Russel Brand, left, Rob Corddry and Dwayne Johnson. (HBO/ Jeff Daly)

Viewers again aren’t sure whether this is cringeworthy or binge-worthy. The déjà vu is too uncomfortable — especially since the USC-San Pedro suicide reference hits close to home, considering how Trojans kicker Mario Danelo died from a fall off the cliffs of Point Fermin in early 2007.

“We’re not trying to say this is how things go at USC, but I feel it could happen anywhere in the country,” Weiss said. “We always try to stay ahead of the curve with our production and never try to follow up with a ‘torn from the headlines’ script. We try to lead and speculate.”

The same goes for the Rams’ story line as the team’s new GM, Charles Greane (Omar Benson Miller), wrestles with ways to fit into L.A. glamour while making his team identify with the neighborhood that surrounds the new Inglewood stadium.

Cameos can become visual treats as well as give the story lines credibility, but the brief pop-ins here by Jared Goff, Tony Hawk, Laird Hamilton, Kelly Slater and Randy Couture are more punchlines than punching up the narrative.

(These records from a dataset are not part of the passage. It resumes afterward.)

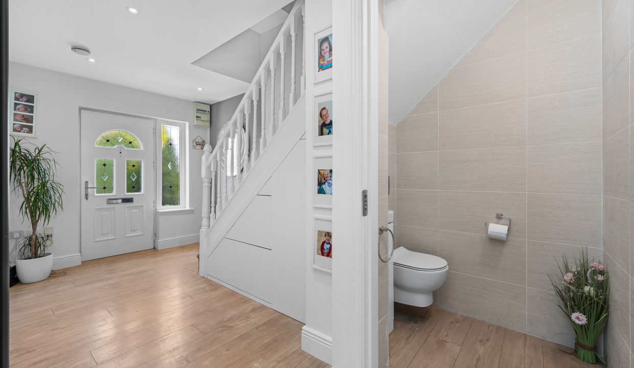 A composite door with stain glass centre panelling and a side window allows access to the reception hallway. The bright and well-proportioned hallway features attractive décor with high quality laminate timber flooring. The area has recessed spot lighting, smart storage within the staircase, four power points, one telephone point, a thermostat control for the heating, and a modern vertical radiator. A door with glass panelling allows access to the guest w.c.
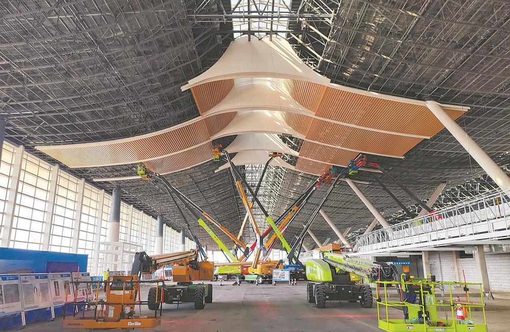 节日期间,福州长乐国际机场二期T2航站楼进入精装修阶段,约2500名建设者、140台各类机械冲刺关键节点。图为吊顶龙骨安装与墙面饰面板铺设施工现场。福建日报记者 张文奎通讯员 郑文元 摄
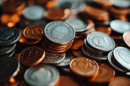A close up view of pile of various American coins, showcasing their intricate designs and metallic textures. image captures essence of currency and value
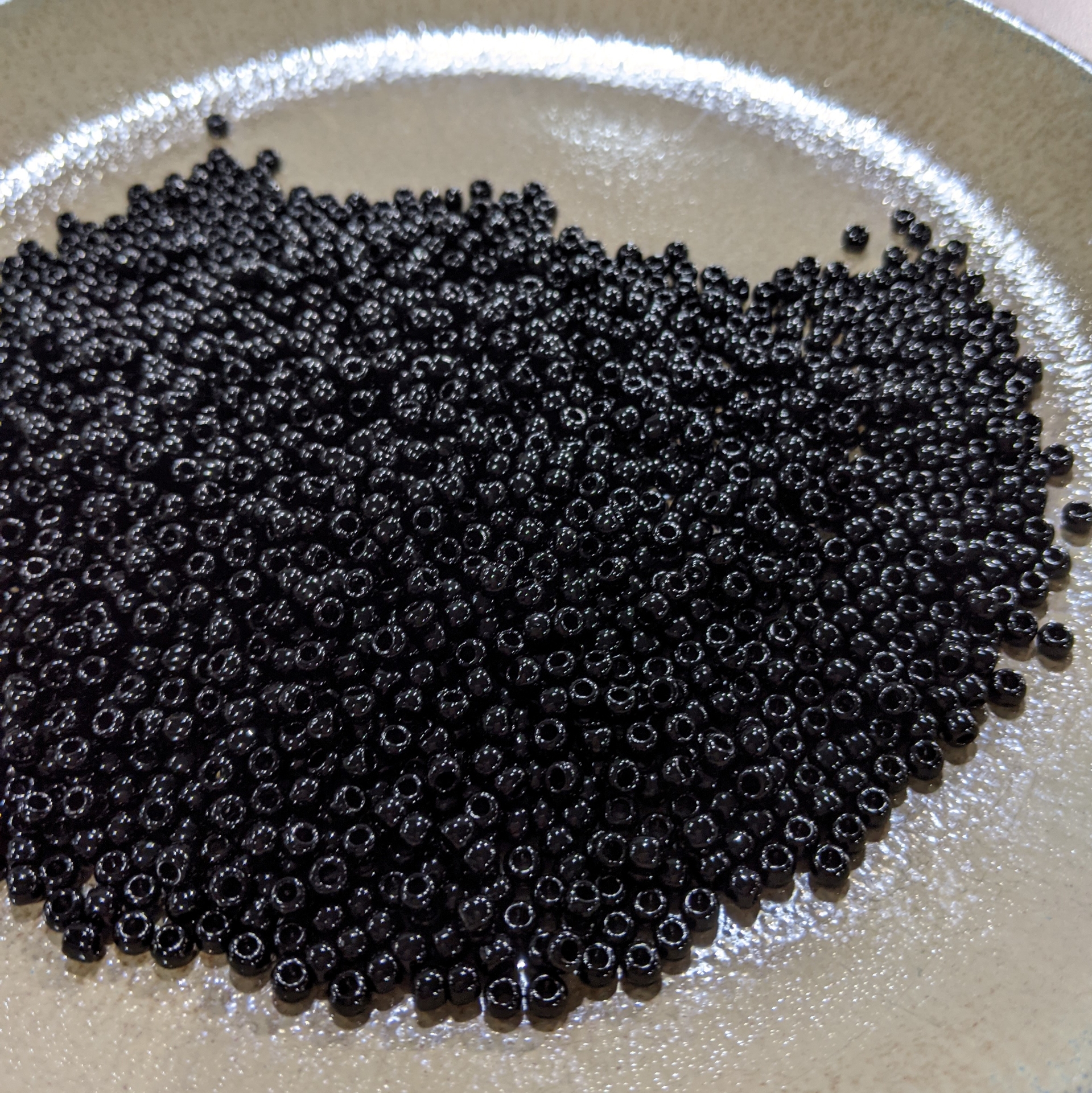 A deep ebony shade of black in a pretty glass bead to complement the our Black Presencia Perle Cotton we like to use in our BlackWork.Nice on wool projects too!
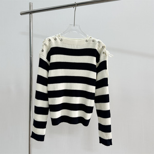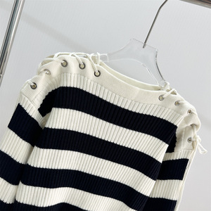 25夏季新款南油高定dio简约百搭休闲字母绳结条纹针织长袖
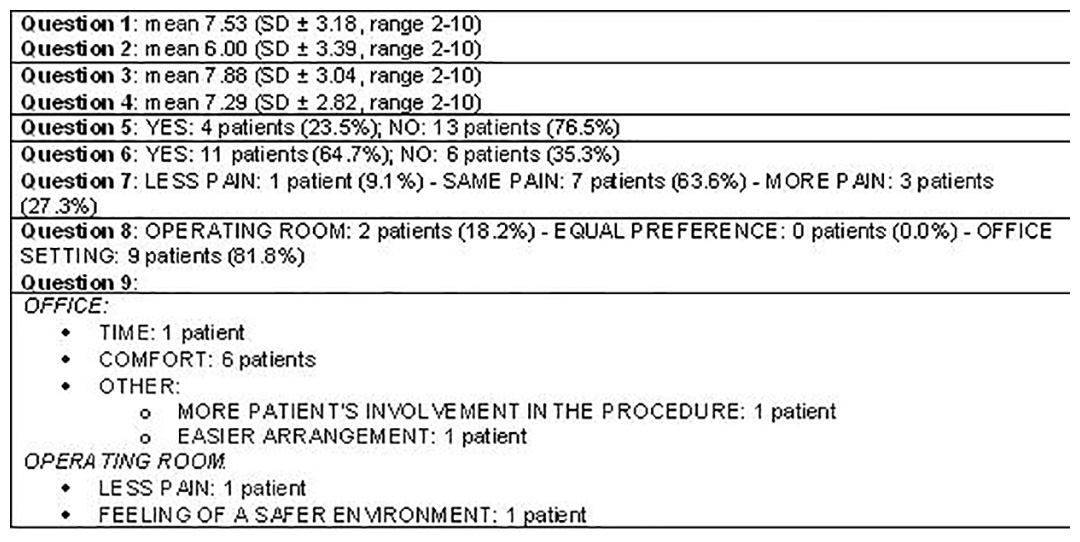 Eleven of the 17 patients had previously undergone the same procedure in the operating room. Overall, 9 of the 11 patients (81.8%) responded that they would prefer to repeat the procedure in an office-based setting rather than in the operating room. The results are summarized in Table 2.

Yet, an over-the-top character played by Russell Brand messing with the firm’s buy-in with his Sports X company is constantly juxtaposed to some of the important things in motion here with Strasmore’s internal struggles.

But then, isn’t extreme sports kind of last generational news? ESPN took the X Games out of L.A. years ago. Focusing on Southern California’s burgeoning eSports industry would have been more cutting edge.

Though this season “has gravity in a lot of ways, whether it’s political and social undertones, we also want to have fun because that’s what people have come to expect,” Weiss said. “I really hope they just enjoy the ride of it, but also appreciate how we try to pivot and give a little more depth in certain places.”